Previously done using a stack of paper comprising a sheet for each facility, the process involves field workers who drive out to each site to take readings from the equipment and note the relevant numbers by hand.

“Employees would then go back to the office and transcribe the information into what I called a ‘dirty log,’ which is basically another piece of paper where numbers could be erased and redone, mustard or coffee could be spilled on it,” Johnson said. Numbers were then transferred into a “clean log,” which could be kept as record and shown to the Texas Commission on Environmental Quality (TCEQ) during audits. “There were so many opportunities for numbers to be input incorrectly, and it was very time consuming.”

With support from MCCi, the Town of Prosper IT team reimagined the process using Laserfiche, which made the readings available to supervisors back in the office in real time. The new process involves equipping field workers with tablets and enabling them to enter readings digitally into a Laserfiche form. The forms presented a list of facilities and, depending on which facility the field worker selected, the form would dynamically change fields for different types of readings. Field workers electronically sign the form, which would also automatically be geotagged with the location of the facility.

“The public works department wanted another way to verify that a person was at the facility, so that if there was ever any question about it, we would have that signature and geotag,” Johnson said.

Field workers then move onto the next facility and repeat the process. If a supervisor in the office notices an anomaly with any of the information entered, they can immediately notify the field worker to take another reading.
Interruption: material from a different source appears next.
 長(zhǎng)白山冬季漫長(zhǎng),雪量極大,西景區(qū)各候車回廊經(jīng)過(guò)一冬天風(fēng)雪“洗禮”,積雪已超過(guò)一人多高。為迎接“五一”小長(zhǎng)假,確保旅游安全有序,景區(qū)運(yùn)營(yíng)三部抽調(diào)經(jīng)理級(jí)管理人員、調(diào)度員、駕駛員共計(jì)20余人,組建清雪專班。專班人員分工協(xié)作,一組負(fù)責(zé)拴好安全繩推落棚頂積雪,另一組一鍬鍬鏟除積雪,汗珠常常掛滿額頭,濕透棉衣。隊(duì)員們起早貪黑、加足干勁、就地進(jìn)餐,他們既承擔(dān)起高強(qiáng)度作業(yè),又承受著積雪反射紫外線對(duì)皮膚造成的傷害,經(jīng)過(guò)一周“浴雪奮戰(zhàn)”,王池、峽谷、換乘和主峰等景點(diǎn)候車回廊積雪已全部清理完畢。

“Before, they have even gotten back to the office before a supervisor could notify them that something looked off, so we’re saving more time and fuel as well,” Johnson added. “As they submit the numbers, they are written to an SQL database. We also file the forms in Laserfiche by month. When TCEQ comes out to do the audit now, instead of having to look through a file folder, we’ve got all the forms filled out, timestamped, geo-tagged, signed, and we know we went out there and did readings as we’re required to do. It’s much more efficient, and it’s updated in real-time.”
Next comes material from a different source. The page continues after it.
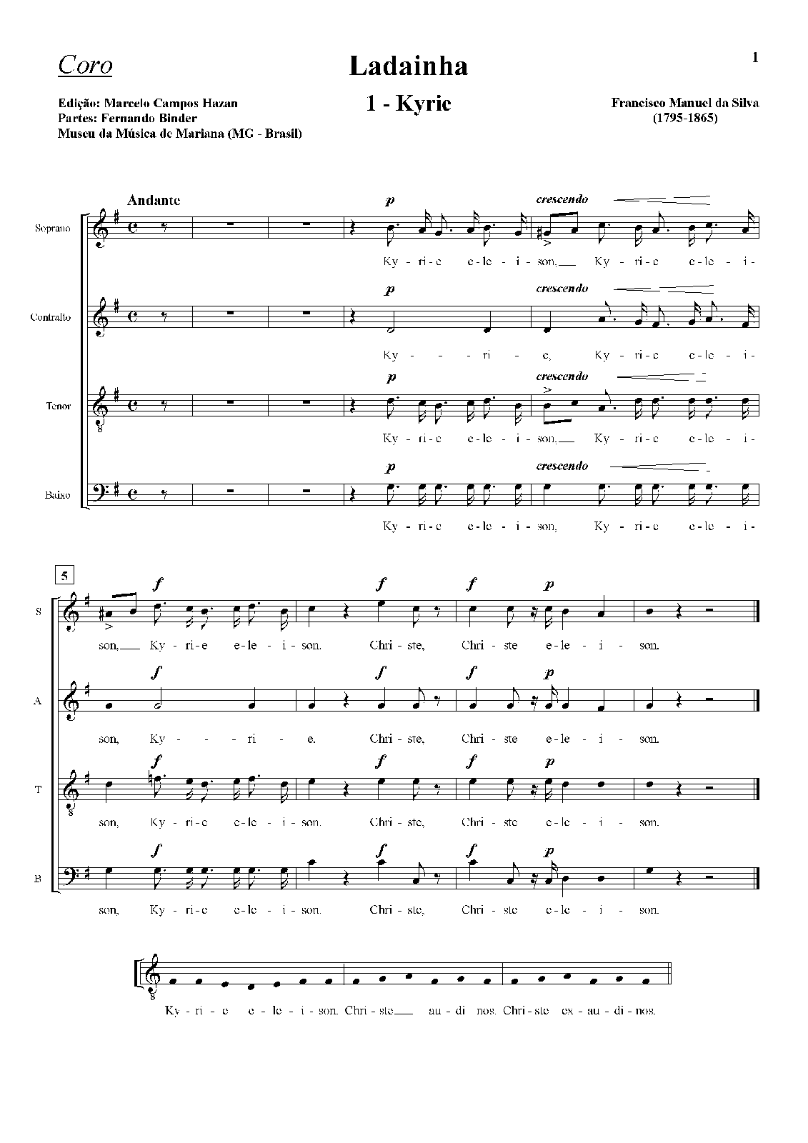Instrumentation Chorus: Sopranos, Altos, Tenors and Basses

In addition to supporting the auditing process, the new equipment readings form has reduced the opportunity for error by eliminating 75% of the legacy process’s manual data entry. Johnson also estimates that the new process saves at least two hours per week in manual transcription, all of which results in huge efficiency gains for the public works department.

Today, the IT department is working on integrations to create even more connectivity and efficiencies.  An integration between Laserfiche and the town’s enterprise permitting and licensing system, for example, will enable the planning department to streamline records management by auto-filing paperwork related to permitting and licensing into Laserfiche. The human resources department, too, has embraced a digital approach to managing content and exploring new solutions.

“We went from having just one form for the boards and commissions application to creating dozens,” Johnson said. “We are growing so fast — we have lots of new employees starting, which has been the trend in recent years. So we’re not slowing down; we can’t slow down. There’s so much growth. Residents are very engaged and they demand a lot. Laserfiche is an example of one of the ways we can use technology to scale our services.”